Our vision is to develop an entire new system of treating pit latrine wastes in developing countries, which not only generates renewable energy, but also a safe, useable fertilizer. In theory, this could be achieved now using conventional process technology. What is lacking, however, is a small scale robust system at relatively lower cost that can be operated with ease in remote areas. Our research contribution to delivering this is focussing on two specific challenges: Firstly, how to destroy human parasitic worms or their eggs, so as to allow safe reuse of the solidified material for agricultural fertilizer; Secondly, can we use locally available plant material to simultaneously increase the amount of energy, as biogas, which can be produced. The systems that Natural Synergies Ltd have been developing are highly effective but also highly innovative. We need to be sure of the overall environmental performance and social benefits of any new system, as well as its cost effectiveness. If successful this technology could also offer significant cost-savings and environmental benefits in developed countries at small-scale wastewater treatment plants in remote locations (e.g. Scottish Highlands), reducing road-tanker traffic, transport fuels and carbon emissions.

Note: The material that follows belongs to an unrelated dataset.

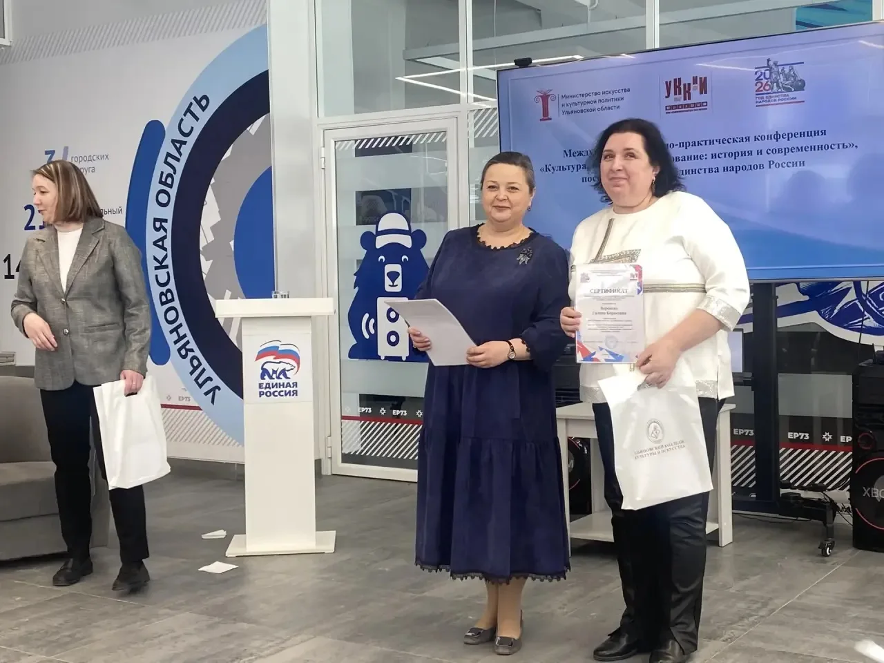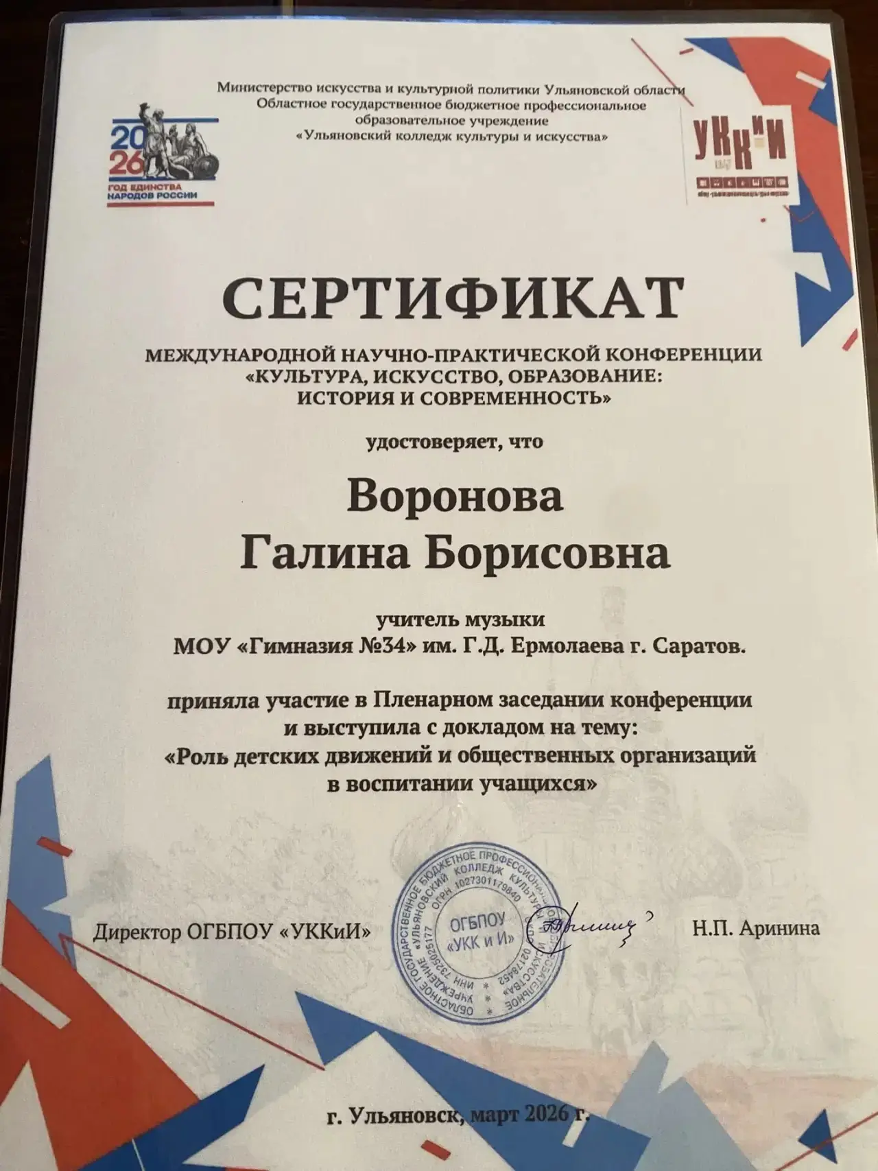 12-13 Марта учитель музыки нашей гимназии Воронова Галина Борисовна приняла участие в Пленарном заседании Международной научно- практической конференции педагогов «Культура, искусство, образование» с докладом « Роль детских движений и общественных объединений в воспитании учащихся» в городе Ульяновске.

Our vision is to develop an entire new system of treating pit latrine wastes in developing countries, which not only generates renewable energy, but also a safe, useable fertilizer. In theory, this could be achieved now using conventional process technology. What is lacking, however, is a small scale robust system at relatively lower cost that can be operated with ease in remote areas. Our research contribution to delivering this is focussing on two specific challenges: Firstly, how to destroy human parasitic worms or their eggs, so as to allow safe reuse of the solidified material for agricultural fertilizer; Secondly, can we use locally available plant material to simultaneously increase the amount of energy, as biogas, which can be produced. The systems that Natural Synergies Ltd have been developing are highly effective but also highly innovative. We need to be sure of the overall environmental performance and social benefits of any new system, as well as its cost effectiveness. If successful this technology could also offer significant cost-savings and environmental benefits in developed countries at small-scale wastewater treatment plants in remote locations (e.g. Scottish Highlands), reducing road-tanker traffic, transport fuels and carbon emissions.
Planned Impact
This research is primarily directed towards developing a technology which will have positive impacts on human health and the environment in developing countries. The commercial viability or efficiency of the technology is a pre-requisite to widespread implementation, so economic impacts are also a secondary priority.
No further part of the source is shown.